YOUR INSTRUCTIONS
Exact transcription of the data below is required, without the images.
┌─ DATA PROVIDED
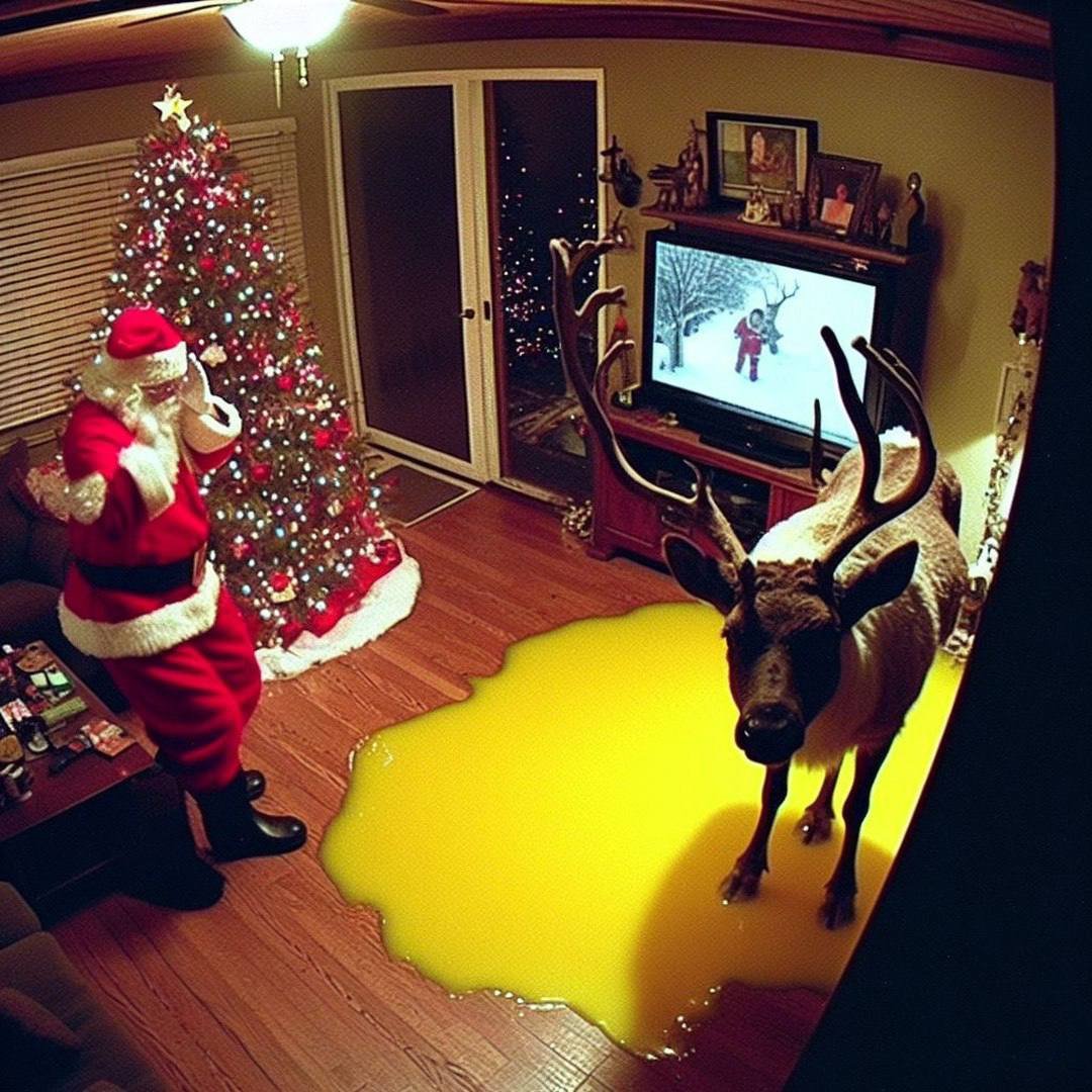 В следующей квартире у Санты произошел казус — его олень не сдержался и, мягко говоря, намочил пол хозяевам.
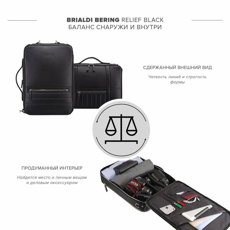 10 цен на Кожаный рюкзак-трансформер BRIALDI Bering (Беринг) relief black
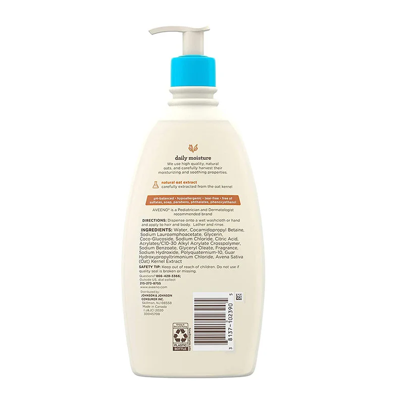 Gently cleanse your baby’s skin and hair with Aveeno Baby Daily Moisture 2-in-1 Bath Wash & Shampoo, which has a nourishing formula that gently cleanses without drying. For babies with sensitive skin, this tear-free formula is safe to use on baby’s delicate skin and hair.
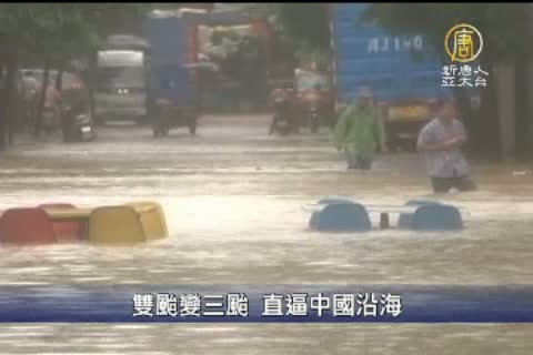 【新唐人亞太台2012年8月4日訊】颱風蘇拉和達維星期六,繼續襲擊中國大陸東南沿海一帶, 中國 氣象中心表示, 同時遭受 兩個颱風南北夾擊,今年第11號颱風海葵又已經生成,從雙颱變成三個颱風,大陸沿海受災地區恐怕將面臨嚴峻考驗。
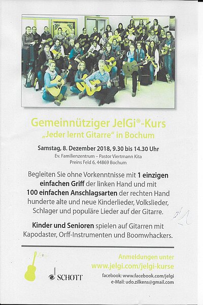 SAMSTAG 8. DEZEMBER 2018, 9.30-14.30 UHR: Gemeinnütziger JelGi Kurs - Jeder lernt Gitarre in Bochum -- Im Evangelischem Familienzentrum - Pastor Vietmann Kita, Preins Feld 6, 44869 Bochum
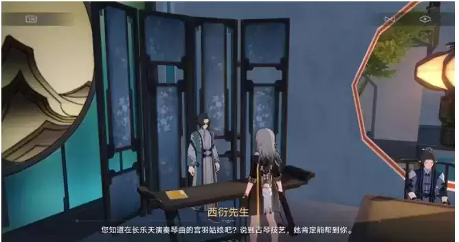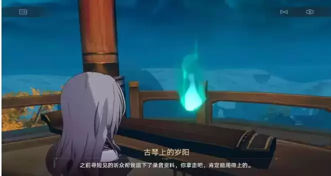 1、在下图位置可以找到一个古琴,点击调查,全部选择继续听下去。
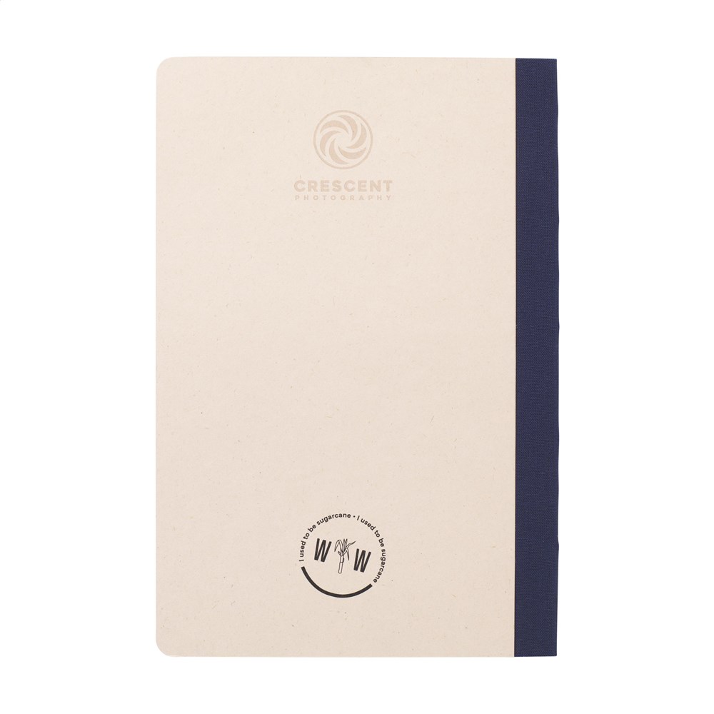 Exclusief notitieboek in A5-formaat, gemaakt van het gerecycled afval van de suikerrietplant. Met hardcover en 80 vel/160 pagina's gelinieerd papier (100 g/m²). De hardcover en het papier zijn FSC Mix gecertificeerd. Het papier, waarin kleine vezels zichtbaar zijn, heeft een mooie lichtbruine kleur. Dit benadrukt het gebruik van natuurlijke materialen. Na de oogst van de suikerrietplant blijven de wortels van de plant in de grond en worden de stengels en bladeren verwerkt tot een residu dat gebruikt wordt voor het maken van papier. Een suikerrietplant haalt tijdens de groei CO2 uit de lucht en kan wel tot 10 jaar oud worden
└─
WRITTEN SOLUTION
 В следующей квартире у Санты произошел казус — его олень не сдержался и, мягко говоря, намочил пол хозяевам.
 10 цен на Кожаный рюкзак-трансформер BRIALDI Bering (Беринг) relief black
 Gently cleanse your baby’s skin and hair with Aveeno Baby Daily Moisture 2-in-1 Bath Wash & Shampoo, which has a nourishing formula that gently cleanses without drying. For babies with sensitive skin, this tear-free formula is safe to use on baby’s delicate skin and hair.
 【新唐人亞太台2012年8月4日訊】颱風蘇拉和達維星期六,繼續襲擊中國大陸東南沿海一帶, 中國 氣象中心表示, 同時遭受 兩個颱風南北夾擊,今年第11號颱風海葵又已經生成,從雙颱變成三個颱風,大陸沿海受災地區恐怕將面臨嚴峻考驗。
 SAMSTAG 8. DEZEMBER 2018, 9.30-14.30 UHR: Gemeinnütziger JelGi Kurs - Jeder lernt Gitarre in Bochum -- Im Evangelischem Familienzentrum - Pastor Vietmann Kita, Preins Feld 6, 44869 Bochum
 1、在下图位置可以找到一个古琴,点击调查,全部选择继续听下去。
 Exclusief notitieboek in A5-formaat, gemaakt van het gerecycled afval van de suikerrietplant. Met hardcover en 80 vel/160 pagina's gelinieerd papier (100 g/m²). De hardcover en het papier zijn FSC Mix gecertificeerd. Het papier, waarin kleine vezels zichtbaar zijn, heeft een mooie lichtbruine kleur. Dit benadrukt het gebruik van natuurlijke materialen. Na de oogst van de suikerrietplant blijven de wortels van de plant in de grond en worden de stengels en bladeren verwerkt tot een residu dat gebruikt wordt voor het maken van papier. Een suikerrietplant haalt tijdens de groei CO2 uit de lucht en kan wel tot 10 jaar oud worden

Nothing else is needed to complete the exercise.